American Goy lets us know that Iran thanks the brave American soldiers! In the comments I point out this from Justin Raimondo on a similar line. A conspiracy theory he floated before is that Iranian agents suckered us into Iraq, which is almost too sensible in retrospect to be plausible (although we have been duped before by the K.L.A, Savimbi and others). It does seem odd that the supposedly crazy suicidal warmongering Iranians coolly shrugged off the fanatically anti-Shi’ite Taliban’s murder of their officials until the U.S found itself raring to do their dirty work for them, at which time they were quite willing to stick the knife in those Pushtun barbarians. I previously discussed the relatively sensible behavior of the mullah regime here. One person who has been promoting the idea that Iran pragmatically pursues its strategic goals and is not dead set on war is Trita Parsi, author of Treacherous Alliance, who I suppose you can dismiss since he was born in Iran. Sounds like good stuff for anyone who reads the National Interest. Is a Persian Pink Police State in the future? Probably not, though we can always imagine.

On a completely unrelated note, I was reading this by Keith Preston where among other things he discusses “the primary intellectual framework of a new American radicalism”. I had never heard of Jack Ross or Matthew Raphael Johnson and asked for references.

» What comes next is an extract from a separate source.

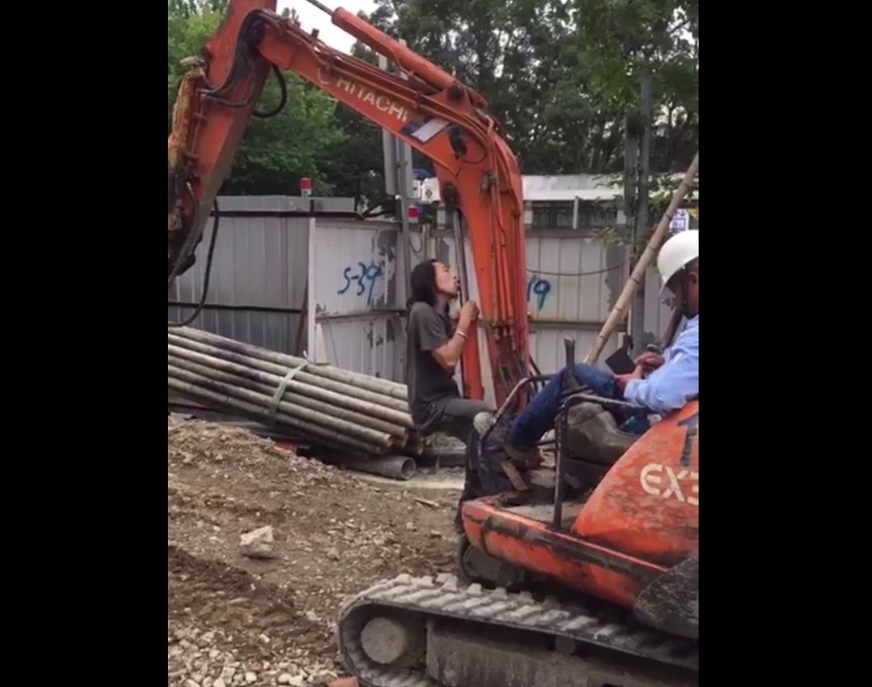 護樹聯盟23日在現場阻擋施工,一位工人疑似不斷受到阻撓情緒失控,將發動中的電鑽對準護樹團人員亂揮一通;日前更有一位自稱「按摩人」的張姓男子,直接爬上發動中的挖土機,接著發動全身的力量,一邊扭動身軀,一邊伸舌狂舔金屬油壓桿,工人只能無奈的滑著手機。
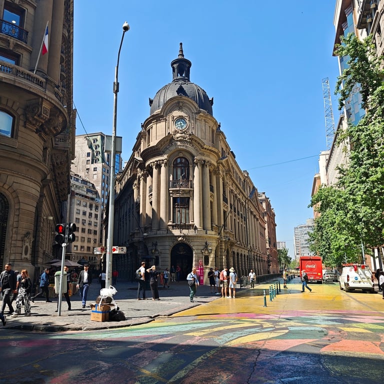 Die Architektur in der Innenstadt/Altstadt erinnert an New York, das den Architekten als Vorbild gedient hat. Es gibt zahlreiche Gebäude, die den Stil der 30er Jahre kopiert haben und so auch in Manhattan stehen könnten. Santiagos Bezirke werden unabhängig voneinander verwaltet und dies hat drastische Auswirkungen. Den wohlhabenderen Stadtteilen stehen erheblich mehr Mittel für z.B. Sicherheit oder Straßenreinigung zur Verfügung. Tendenziell gilt: Je weiter westlich, desto ärmer und je weiter östlich, desto reicher sind die Einwohner. Während der Plaza de Armas und direkt umliegende Straßen noch einen gepflegten Eindruck machen, ändert sich dieser Eindruck schnell, als wir mal ein paar Straßen in die "falsche" Richtung gehen. Chile ist zwar vergleichweise wohlhabend und der Eindruck von San Pedro de Atacama hat sich durchaus bestätigt. Aber das heisst nicht, dass es hier nicht auch Armut gibt. Tatsächlich beobachten wir live wie ein Mann versucht, einer Touristin unserer Gruppe während der Stadtführung die Kette vom Hals zu reißen. Mitten am Tag während wir über die Ampel gehen!

Keith kindly pointed out that though the former has not yet published his work of history, he blogs at Brooklyn Copperhead. Since then Ross has had a bit of a dispute with Daniel Larison. Keith also gave me the heads up on Johnson’s book, The Third Rome: Holy Russia, Tsarism and Orthodoxy, and his website. Now connecting this to someone I discussed above, American Goy promotes the theory that the reason Stalin seemed completely unprepared for Hitler’s offensive into Russia is that he had shifted the military from a defensive posture to a preparation for an offensive into Germany that Hitler noticed and pre-empted.